Insight

China, Explained: How to evaluate real estate opportunities in China

China, Explained: How to evaluate real estate opportunities in China

A pillar for one of the world’s largest economies, the Chinese real estate market has captured the interest of global investors. Invesco’s Director of Research APAC Real Estate, Catherine Chen shares her insights on how to invest in China’s property market for the coming year.

 

Q. How has COVID-19 impacted the Chinese real estate market?

Since our last update in October, we continue to see a steady recovery path for the Chinese real estate market. During the first quarter of 2020, investment activities and property transactions stalled but have picked up since Q2. Broadly speaking, Chinese real estate prices have remained resilient without any dramatic declines during the year thanks to efficient containment of COVID-19. Office/retail property underperformed the logistics sector after the suspension of some businesses under city lockdowns and a pre-existing oversupply in the office market. Logistics on the other hand is riding on the tailwind of online retail, thanks to ecommerce’s phenomenal growth, people working from home and changes to consumption behavior. Pricing has been stable for the logistics sector which is also enjoying a slight to moderate increase in rents compared to office and retail where rents have declined. 

Property pricing in China’s logistics sector has remained relatively resilient during 2020
Property pricing in China’s logistics sector has remained relatively resilient during 2020
Q. How do you conduct due diligence on a property? How does your team identify the timing of your real estate investments?
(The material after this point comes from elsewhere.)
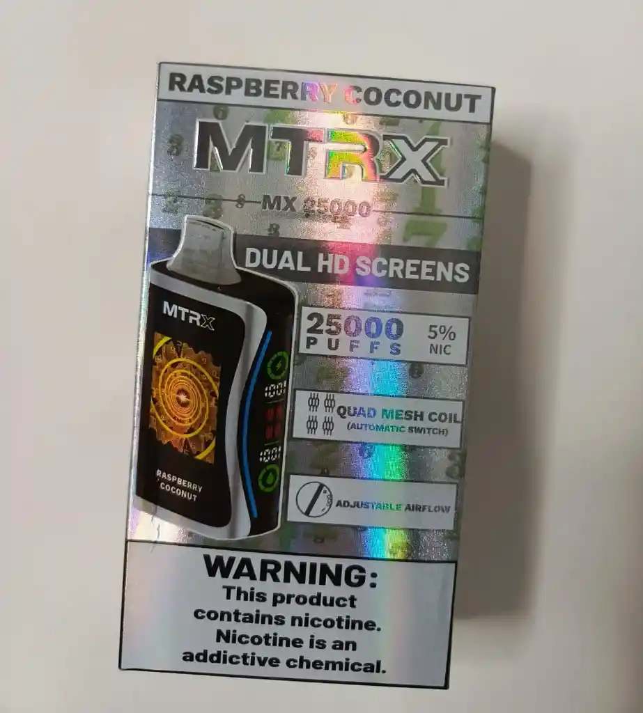 Descubre el vaporizador desechable MTRX MX25000, que revoluciona el vapeo con su capacidad de 25 000 caladas y sus innovadoras funciones. Con un diseño elegante y un depósito de e-líquido de 20 ml, ofrece potentes dosis de nicotina tanto para exfumadores como para vapeadores experimentados. Disfruta de la rápida carga tipo C y de una batería de 900 mAh de larga duración. Su sistema de resistencia de malla cuádruple garantiza una producción de vapor constante y un sabor excepcional. Las dos pantallas HD ofrecen atractivas animaciones y estadísticas en tiempo real, mientras que el flujo de aire ajustable adapta cada calada a tus preferencias. Disfruta de la comodidad, la durabilidad y la personalización con el MTRX MX25000. Características principales E-líquido precargado de 20 ml Concentración de nicotina del 5 % (50 mg) Batería recargable tipo C de 900 mAh Aproximadamente 25.000 bocanadas Bobina de malla cuádruple Cambia automáticamente las bobinas duales cada 10 segundos Pantalla dual HD 3 animaciones únicas de vapeo La pantalla del panel lateral muestra el porcentaje de batería y e-líquido Flujo de aire ajustable El Raspberry Coconut presenta un inconfundible sabor a mermelada de frambuesa y virutas de coco rayado.
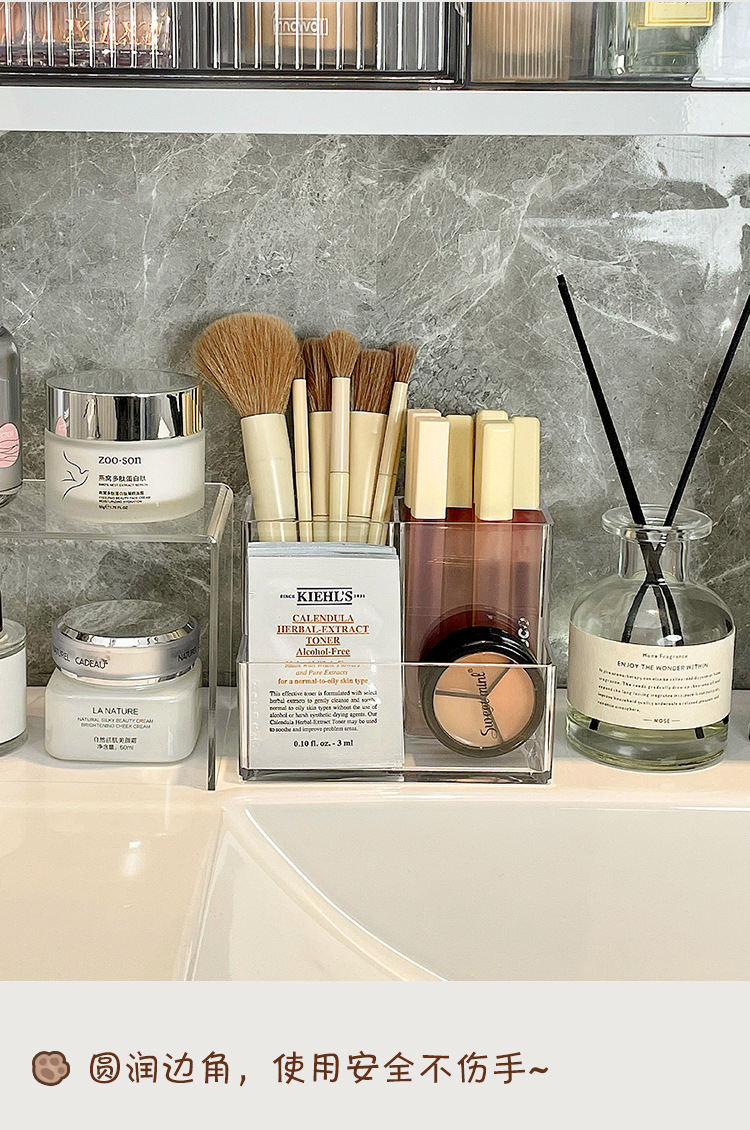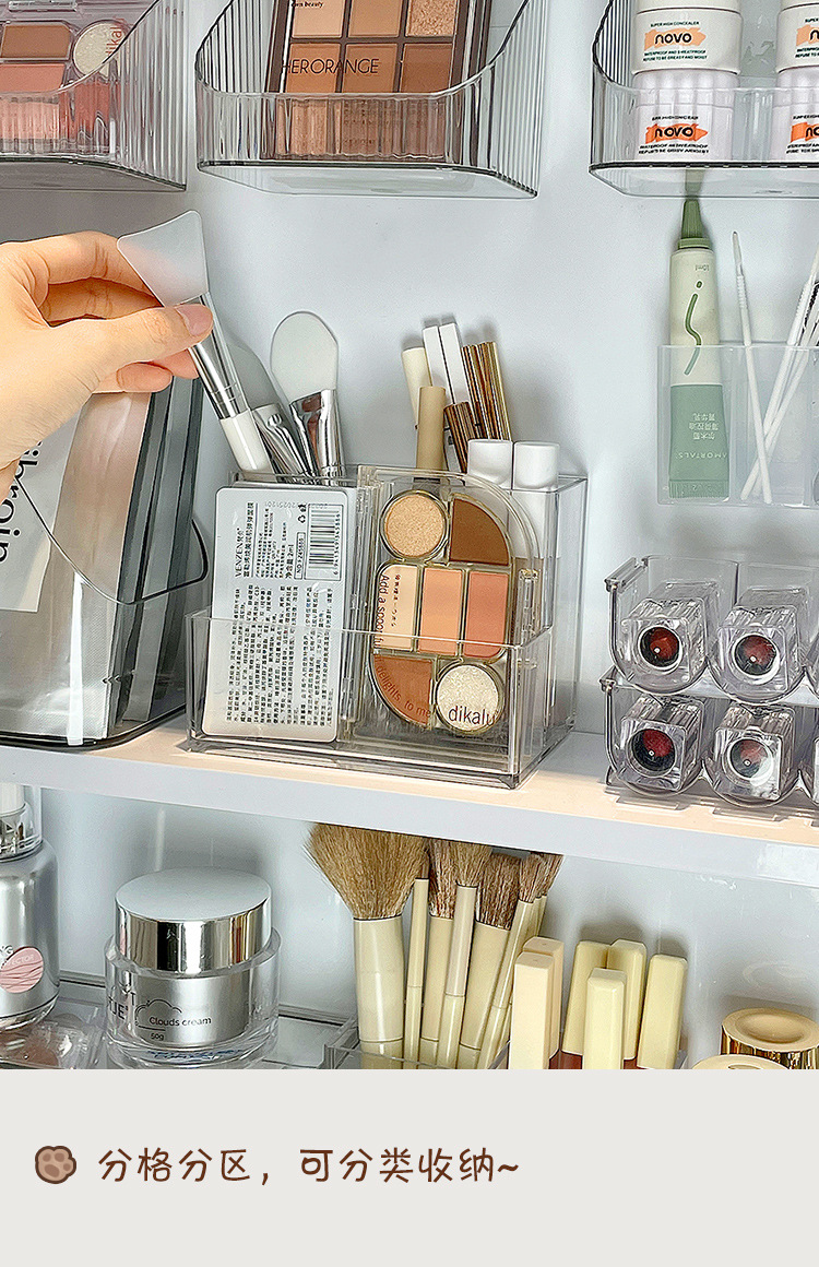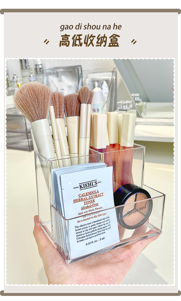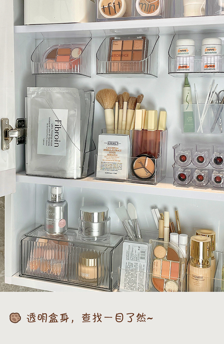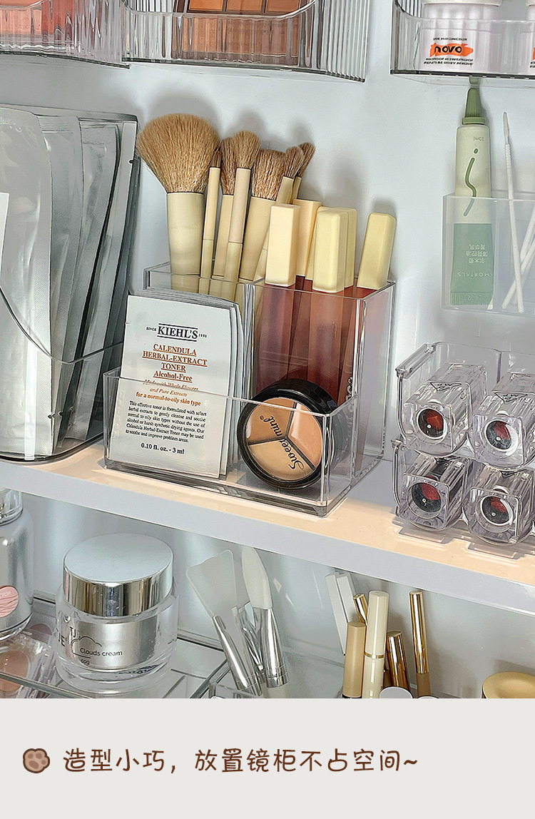 게으른 학교 아크릴 거울 캐비닛 저장 상자 작은 투명한 데스크탑 화장실 아이 섀도우 립스틱 메이크업 브러시 랙

With real estate, we believe physical inspection of the asset is crucial, as well as having a local team to conduct due diligence, evaluate the location and other considerations that require familiarity with the local market. Having an on-the-ground team to conduct on-site inspection has been invaluable, especially during the global pandemic when many countries had travel restrictions. Throughout the year, our team based in Shanghai travelled within China to conduct research and finalize property deals. Since China is a huge and diverse market, we maximize coverage by combining the expertise of both the acquisition and research teams. The acquisition team sources on-the-ground information about property deal flows and feels the “pulse” of the investment market, while the research team provides in-depth insights on macroeconomic and state policies benefitting certain sectors over a longer term. Using both top-down and bottom-up approaches along with analyzing short-term market movements and medium-to-long term trends, we identify those opportunities best suited to deploy our various sources of capital.
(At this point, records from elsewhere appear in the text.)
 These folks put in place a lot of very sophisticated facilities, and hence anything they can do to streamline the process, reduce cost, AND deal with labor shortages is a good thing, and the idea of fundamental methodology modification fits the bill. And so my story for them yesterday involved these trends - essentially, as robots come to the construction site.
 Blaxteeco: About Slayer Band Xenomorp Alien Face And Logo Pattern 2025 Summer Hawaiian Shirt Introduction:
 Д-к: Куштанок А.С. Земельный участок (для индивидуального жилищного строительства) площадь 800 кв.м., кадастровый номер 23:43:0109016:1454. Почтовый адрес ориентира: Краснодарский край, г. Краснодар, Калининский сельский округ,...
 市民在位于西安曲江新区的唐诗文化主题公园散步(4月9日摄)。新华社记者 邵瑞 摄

In the deal structuring process, we deeply value having the team on the ground who understand how the terms of the deal work, the legal and tax treatment, negotiate with the buyer, and adhere to local practices such as obtaining municipal and state approvals — all crucial to the success of a deal. Our local asset managers also support post-deal arrangements and they are the unsung heroes of our investments when it comes to handling unprecedented events like COVID-19.

 

Q. What are some recent regulatory and market developments in China’s real estate?

China kicked off a pilot public Real Estate Investment Trust (REIT) program in April 2020 allowing the listing of domestic REITs with a focus on infrastructure projects like highways, airports and logistics facilities. More details are to be announced, but it marks a milestone for property investors by providing another investment channel for institutions and individuals in the future. It is expected to make the property market more liquid and transparent. We expect fund inflows to accelerate, not only from domestic/retail investors but from institutional investors who see how a more liquid market will mark clearer entry and exit points for their investments.

There were stimulus measures in Q1-Q2 of 2020 to spur credit growth, but the government started to slow fiscal spending in Q3 amid a potential economic recovery. Since Q2, credit conditions have trended tighter. In 2021, we expect Chinese property developers to face tighter liquidity conditions than Q3 this year. In fact, the likely normalization of credit conditions may unlock some mispricing of opportunities to institutional investors like us.

 

Q. What do you see as the opportunities in China real estate for 2021?

In Revisiting the Case for Investing in China Real Estate, we listed logistics as having structural growth and we are exploring opportunities in data centers. Due to COVID-19, more people are staying home so the demand for data centers which facilitates online traffic will likely be strong. We remain near-term cautious on the office and retail sector given the supply risks and headwinds are higher than logistics.

In terms of geographic focus, we continue to favor the core economic hubs in China such as the Jing-Jin-Ji, Yangtze River Delta and the Greater Bay Area regions, where we see deeper liquidity and transparency and strong demand in their property markets.

Despite market uncertainty in 2020Q1, Chinese real estate prices remained relatively resilient. So far, we have not seen a “fire sale” of distressed assets or massive price reductions. In the coming year as credit conditions tighten on the back of a nascent economic recovery, we may see property sellers more willing to ease prices, setting the stage for us to unlock the vast opportunities found in China’s real estate market.